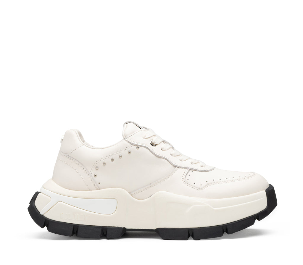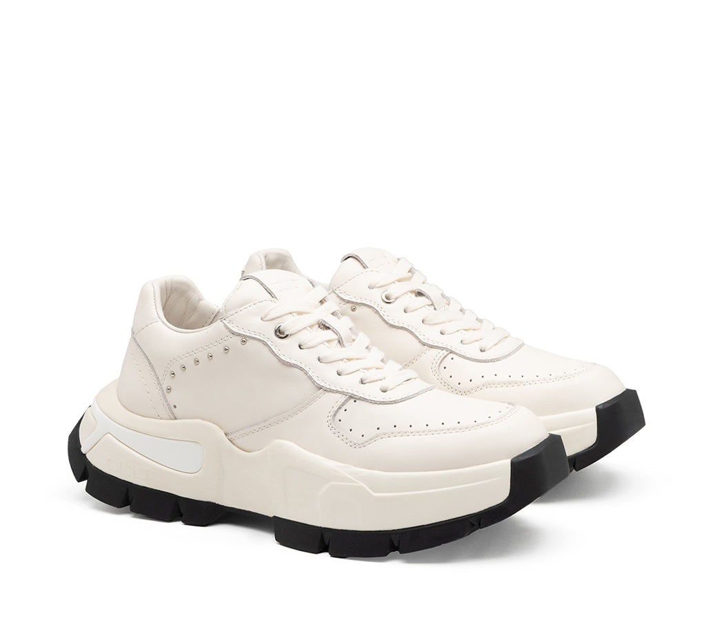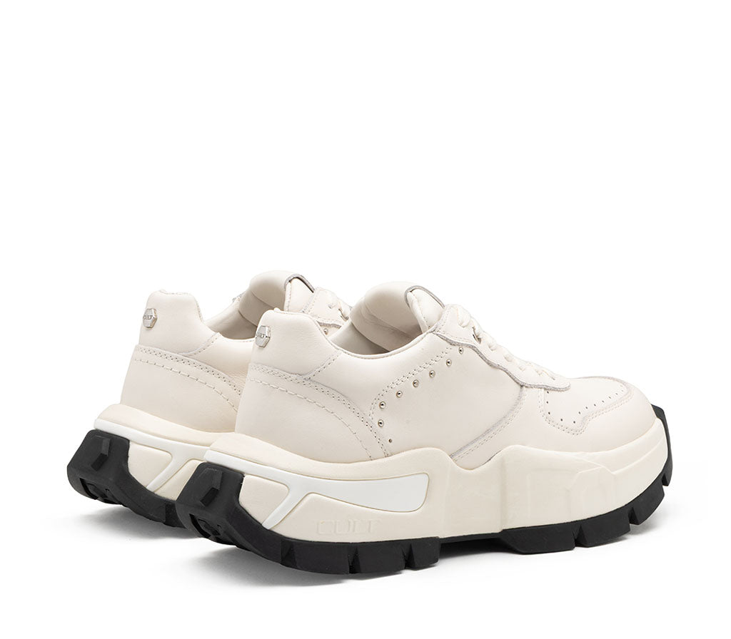 Clear and bright version of the Taylor sneaker, in off-white leather with contrasting black rubber sole. Refined design, discreet but assertive, ideal for modern and sophisticated looks, in perfect CULT style.
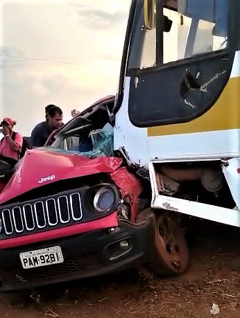 Um grave acidente envolvendo um ônibus e um Jeep Renegate deixou um ferido e uma vítima fatal por volta das 18:40h da tarde desta segunda-feira (26.09), na MT-020, próximo à intersecção com a MT-427, que dá acesso à Gaúcha do Norte – MT.
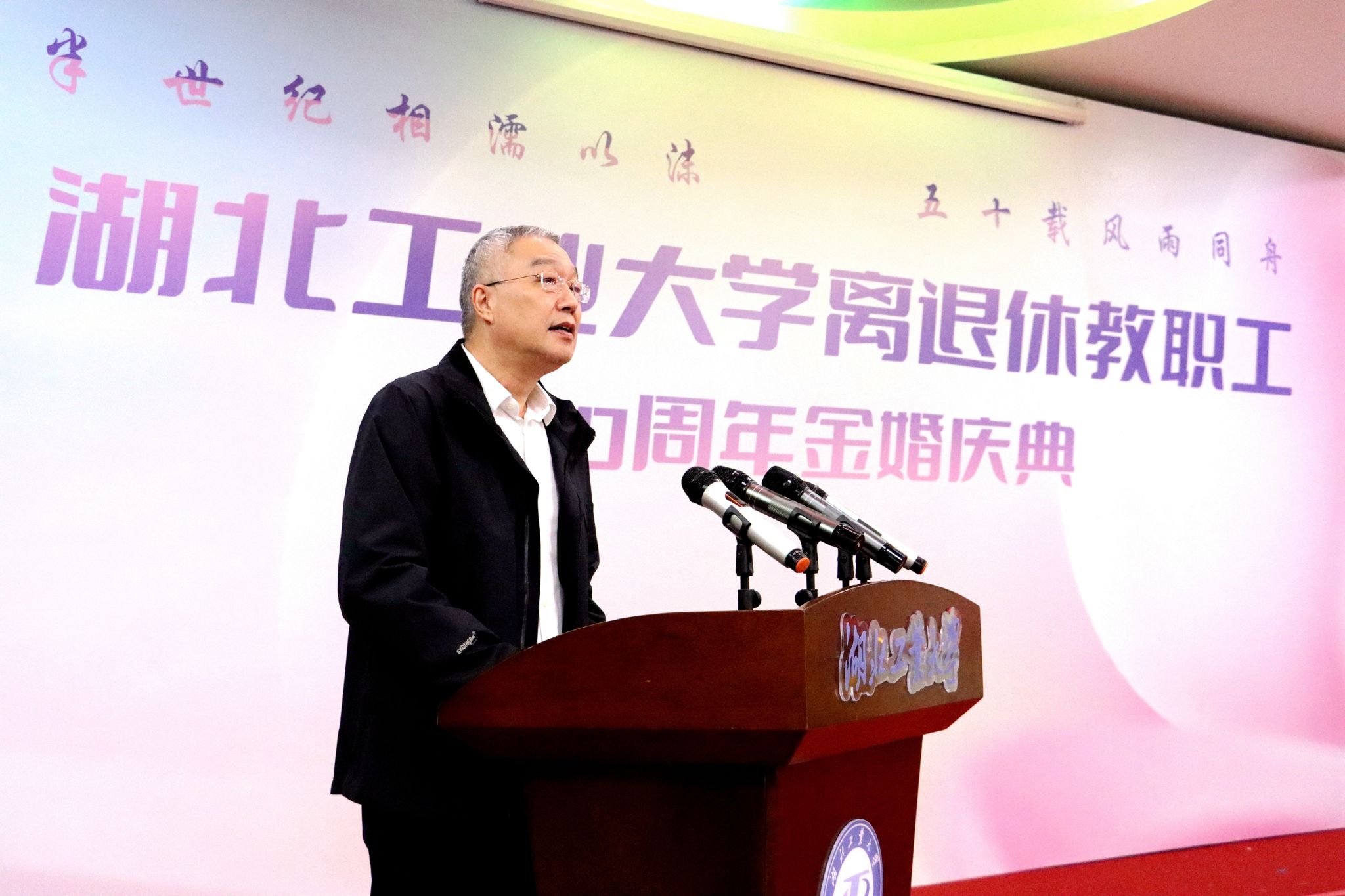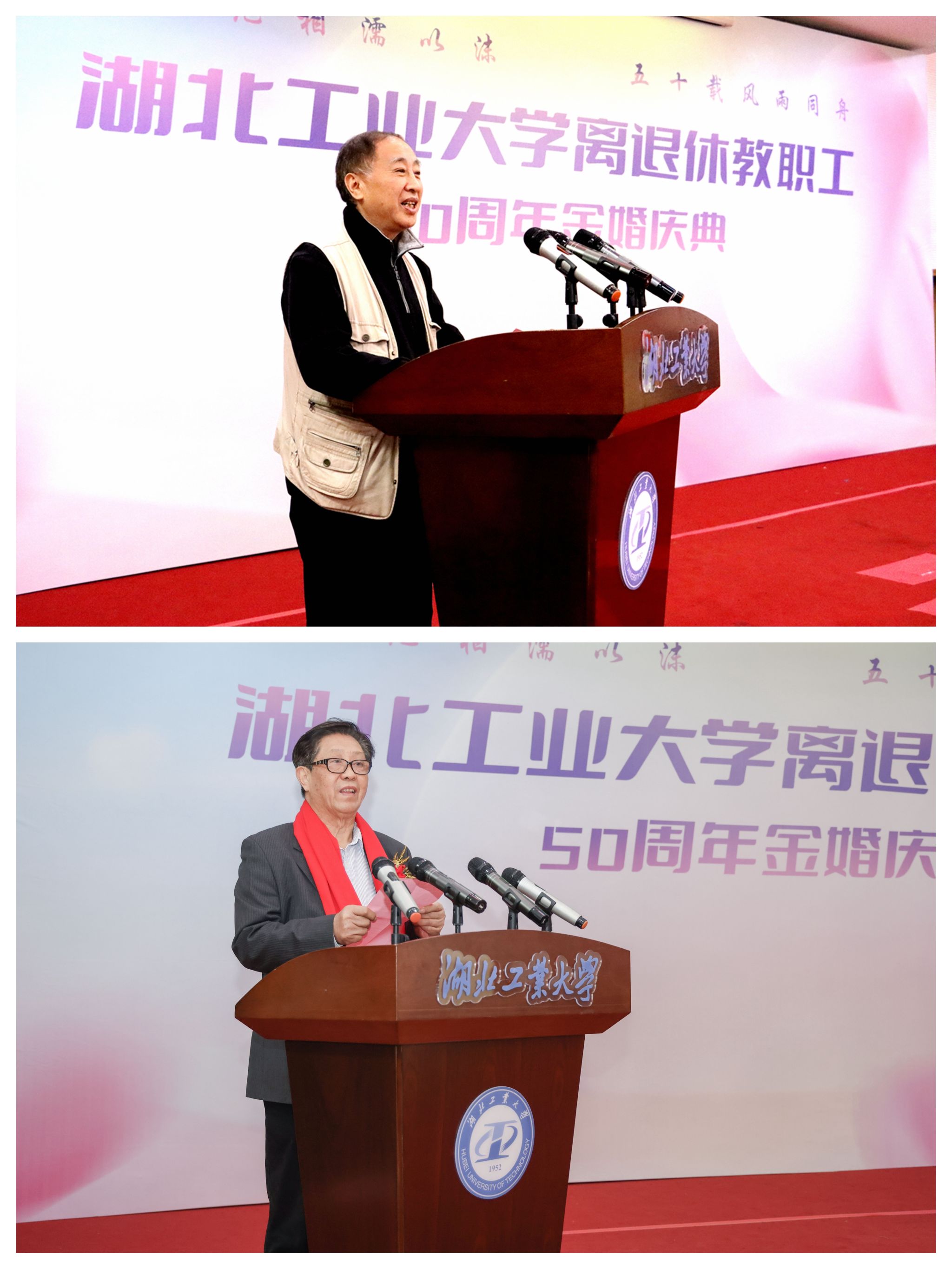 金婚夫妇代表、原湖北省机电研究院院长常恒毅,分享了夫妻间相濡以沫、相伴相守的经历和感悟,感谢学校的关怀,祝愿学校各项事业高质量发展。校“两协”刘发祥代表校老年人协会、老教授协会、全校离退休同志送上祝福,对学校给予老同志们的关心关爱表示衷心的感谢。

— Your instructions —
Return all of the data exactly as written, and drop the pictures.

— Task result —
 Clear and bright version of the Taylor sneaker, in off-white leather with contrasting black rubber sole. Refined design, discreet but assertive, ideal for modern and sophisticated looks, in perfect CULT style.
 Um grave acidente envolvendo um ônibus e um Jeep Renegate deixou um ferido e uma vítima fatal por volta das 18:40h da tarde desta segunda-feira (26.09), na MT-020, próximo à intersecção com a MT-427, que dá acesso à Gaúcha do Norte – MT.
 金婚夫妇代表、原湖北省机电研究院院长常恒毅,分享了夫妻间相濡以沫、相伴相守的经历和感悟,感谢学校的关怀,祝愿学校各项事业高质量发展。校“两协”刘发祥代表校老年人协会、老教授协会、全校离退休同志送上祝福,对学校给予老同志们的关心关爱表示衷心的感谢。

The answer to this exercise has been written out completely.